If you want to write code that can be easily assimilated, which most readers would think they understood from its source and not by reading it at some meta-level, then you have to code with one hand behind your back.


Its not ever 'fine'. Its confusing at best. Imagine a component with 5 attributes. Does '==' match them all? Some of them? Loosely or tightly? I'm afraid just seeing '==' in the code is never going to be informative.

Instead, maybe a method MatchAttr1And2(v1, v2) would certainly tell a subsequent reader a little more about what's going on.


> Imagine a component with 5 attributes. Does '==' match them all? Some of them? Loosely or tightly? I'm afraid just seeing '==' in the code is never going to be informative.

This is, fundamentally, a disagreement about the value of encapsulation. With an opaque, encapsulated type, '==' should mean whatever makes the most sense in the context of that type. For a pointer that might be "equality" means "same memory address", whereas for a vector that might mean "equal components". As a user, "equality" should match an intuitive understanding of what it means for two things of this type to "be the same". It's an art form. Like many things in programming, doing it well requires good taste.

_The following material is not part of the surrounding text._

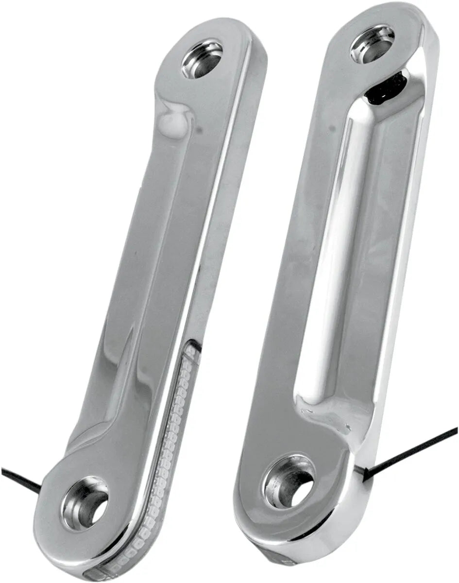 The Alloy Art LED Front Turn Signals feature a CNC-machined aluminum housing, providing exceptional durability and a premium look. The injection-molded polycarbonate lens ensures optimal light transmission and resistance to impacts. These single-function LED turn signals deliver a super-bright amber light output, enhancing your safety and visibility. Designed and manufactured in the USA, these lights reflect Alloy Art's commitment to quality and craftsmanship. The chrome housing adds a touch of classic style while ensuring long-lasting protection against the elements. Easy to install on the front of your motorcycle, these turn signals offer a straightforward way to improve both the look and safety of your ride. Operates on 12V systems. These bar-shaped turn signals provide focused light output.

Operator overloading is a powerful technique for preserving encapsulation. It's the polar opposite of:

> Instead, maybe a method MatchAttr1And2(v1, v2) would certainly tell a subsequent reader a little more about what's going on.

This leaks implementation details like a sieve. It's a great recipe for encouraging dependency on a particular implementation detail across module boundaries, and rolling yourself a great heaping ball of mud.

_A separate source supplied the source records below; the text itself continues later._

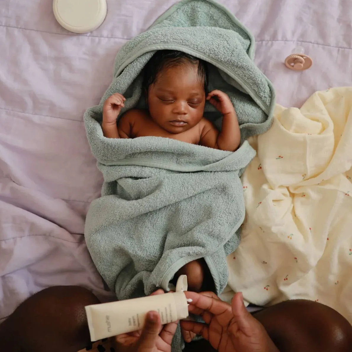 Made from 100% organic cotton, our hooded towel is gentle on sensitive skin and perfect for cozy cuddles after bath time. The fabric is absorbent and durable, staying soft wash after wash.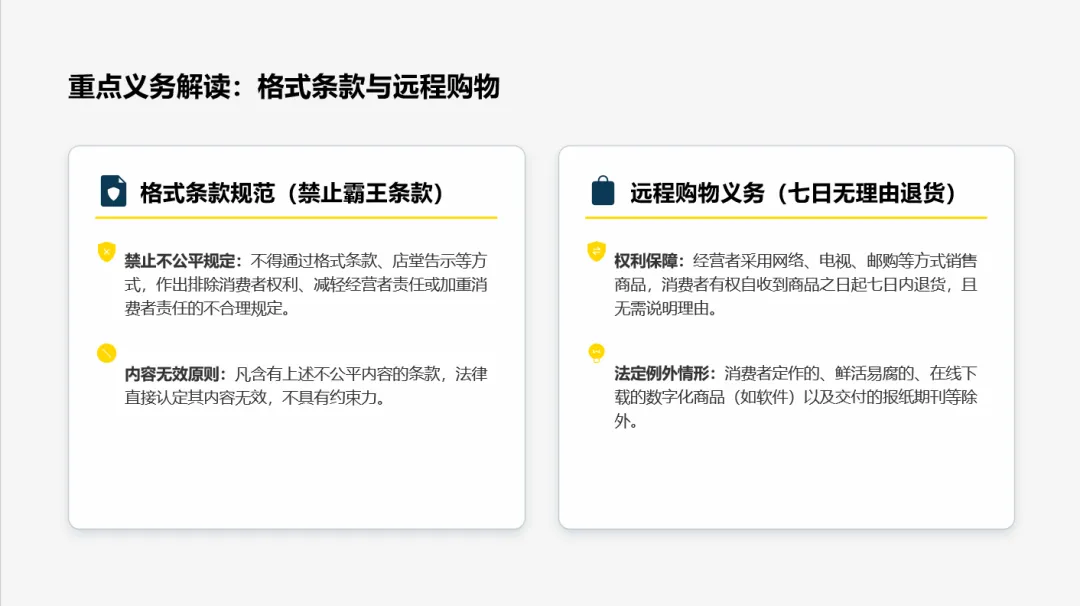 4.公平交易权(第10条):消费者享有公平交易的权利。在消费过程中,消费者有权获得质量保障、价格合理、计量正确的商品和服务,经营者不得利用优势地位制定不公平、不合理的交易条件,格式条款不得免除自身责任、加重消费者责任、排除消费者主要权利。例如,商家不得哄抬物价、缺斤短两,不得在格式合同中约定“一经售出概不退换”等霸王条款。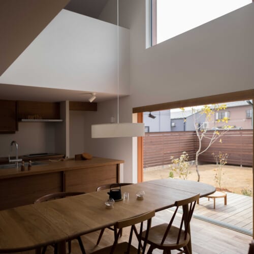 住宅密集地で、空と庭に広がる暮らしのある三角屋根の家

Only if you do it that way. Make it MatchForParticularPurpose(v1, v2) instead, and voila no leak.

Operators are unique in the language. They hold a special place. They deliberately are written to imply something we already understand. No fair lumping them in with every other attribute or method of an encapsulated type.

Intuition is a very, very poor thing to depend upon in a programming language. I disagree heartily that it should be the solution to disambiguating any operation.


> Only if you do it that way. Make it MatchForParticularPurpose(v1, v2) instead, and voila no leak.

Making the name more opaque won't save you at all. You're making what should be a local detail -- how your type implements equality -- into something that only works when it is global knowledge.

Consequently, your type is brittle and incomposable with types that aren't infected with this knowledge:

    [instance11, instance2, instance3].sort
won't do anything sensible until we infect either the Array type or the call site with non-local knowledge about your type.

Every type you build in this manner will find knowledge about itself diffusing throughout your application, like children peeing in a pool. Composition will be limited, inflexible, and require manual insertion of type-specific knowledge, because you have failed to encapsulate knowledge about equality.

Everything needs to know about everything else, and in the end you've built a tightly coupled ball of mud.


> Operators are unique in the language. They hold a special place. They deliberately are written to imply something we already understand. No fair lumping them in with every other attribute or method of an encapsulated type.

I would argue that a CORE value of Ruby is that everything is an object, and objects communication by message passing. Treating an operator as anything other than a message between objects is fundamentally wrong.

If you expect operators to do anything other than call the appropriate message on an object, you're misunderstanding the syntax.


Indeed, in a very real sense Ruby simply doesn't have "syntactic operators" in the C-ish sense he seems to regard them.

Ruby only has messages. Some of those messages just happen to have punctuation for names.


If the code you're dealing with makes you care what the equality operator is doing internally, it's not well enough abstracted.


Sure, for some cases, == is not immediately clear. Don't use it in those cases.